Yes, these are 82 individuals from a tree.
ok good. How are you representing this tree to TASSEL - as a kinship file?
Hi, I am new in this analysis. I have prepared a phenotype file and a genotype file for TASSEL. I have total 82 individuals in phenotype file with five data columns. I tried with factor and without factor to make association at TASSEL but not getting any significant SNPs after multiple correction. Please let me know how I can represent tree to TASSEL.
https://smcclatchy.github.io/mapping/08-calc-kinship/
Hi, I am uncertain, does it need to run TASSEL. My issue is not getting significant SNPs using TASSEL, not a kinship matrix.
As I understand it, the goal of using a mixed model is to control for population structure, so you can identify which SNPs, for instance, make an individual taller regardless if they occur from a family that is already tall, and not attribute height to some other SNPs that tall family shares, like those that confer curly hair. If you don't provide a kinship matrix, you will get more false positives and false negatives.
Yes, I am calculating kinship matrix at TASSEL. My way is using TASSEL is: uploading genotype and phenotype, filter the genotype, run the PCA of genotype, intersect the PCA+phenotype+genotype. Then, I generate kinship matrix of the genotype file. For mixed liner model I ran TASSEL with this kinship matrix and the file (PCA+phenotype+genotype).

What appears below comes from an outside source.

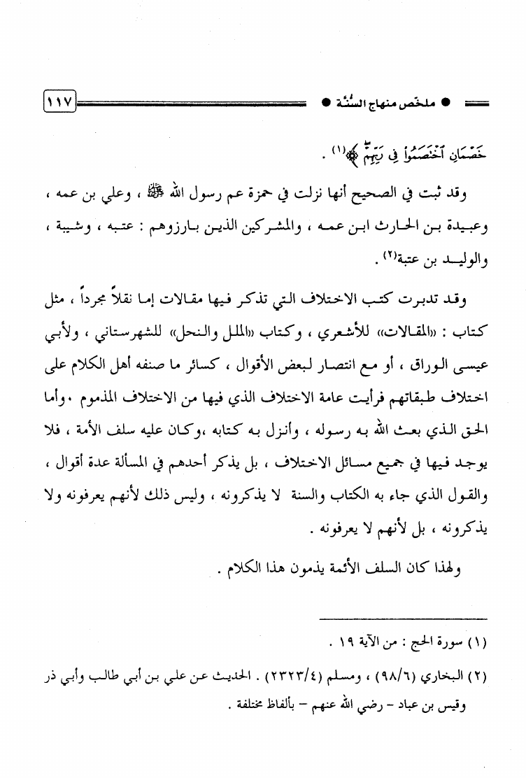 ملخص منهاج السنة ويليه فتاوى للشيخ عبد الرحمن بن حسن

Is there a known trait/genotype association that you can add as a positive control to make sure you are doing this correctly?

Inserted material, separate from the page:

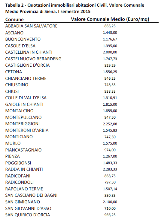 Iniziamo col dire che il valore medio di vendita della Provincia di Siena è di 1.340 Euro al metro quadrato per abitazioni civili con stato conservativo “normale”. Se suddividiamo il territorio provinciale in SEL (Sistemi Economici Locali), possiamo osservare che il territorio con il valore medio di mercato più elevato è l’Area Urbana senese con un prezzo al metro quadrato di 2.250 Euro. Segue l’area del Chianti con 1.961 Euro al metro quadrato e l’Alta Valdelsa con 1.417 Euro; troviamo poi il SEL Crete Senesi Val d’Arbia, con 1.276 euro al metro quadrato, la Val di Merse con 1.274 Euro ed, infine, la Valdichiana Senese con 1.100 Euro e l’Amiata Val d’Orcia con 1.059 Euro.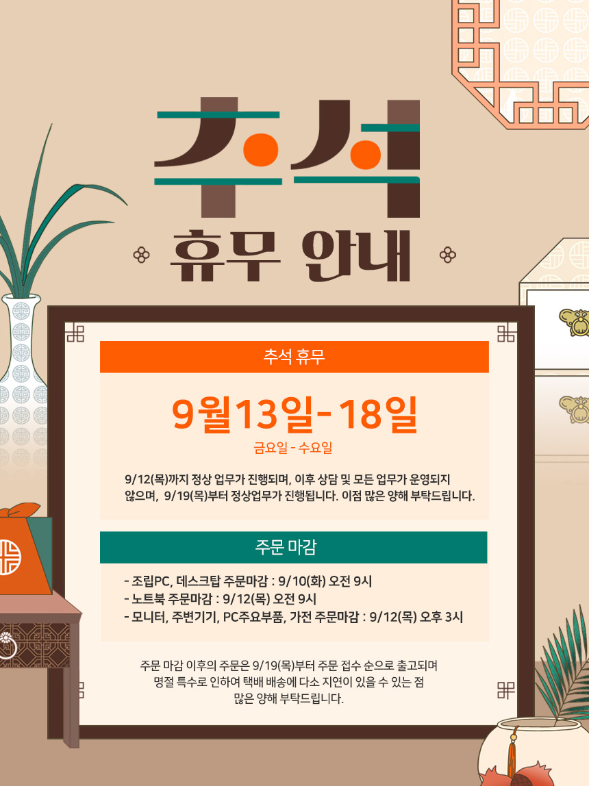 [공지] 한성컴퓨터 추석연휴 휴무 안내

Sorry, I am uncertain. Could you please elaborate (known trait/genotype association?), how to add positive control? I just followed TASSEL tutorial for GWAS.
What organism are you working with?
It is a tree Sequoiadendron giganteum (giant sequoia: also known as giant redwood)
The point of a positive control is to have some reassurance that you are encoding things correctly. There must be some known penetrant SNPs that determine some phenotype like the number of branches. (I think the name TASSEL is a poorly hidden pun on the number of tassel branches in maize.)
If you expose local moisture as a phenotype it seems likely one of the loci (or one of the 26 SNPs) here will light up https://onlinelibrary.wiley.com/doi/full/10.1002/ece3.6716
Thank you for sharing the research paper. However, I am still not sure how to improve the way to get significant SNPs from my TASSEL analysis. I am wondering to go with GEMMA analysis also.
You may not be able to torture TASSEL enough to produce significant SNPs but the first step of debugging any analysis which requires weird formats is to make sure you prepared your input data properly. How would you know you did it correctly unless you have a positive control?
Yes, I agree. Could you indicate any sample input file for TASSEL where I can use positive control. Thank you!
The positive controls should be known SNPs in your selection of redwoods that correspond to something that distinguishes these trees from each other
Should I add the known SNPs in my input phenotype file for TASSEL or after getting MLM matrix from TASSEL. Sorry , if I am asking very common question.
I am not a TASSEL user but multiple testing correction is working on your P-values of individual tests. To perform multiple testing corrections or not is a debated topic. The goal of the mixed model analysis or any analysis is not to just provide significant results.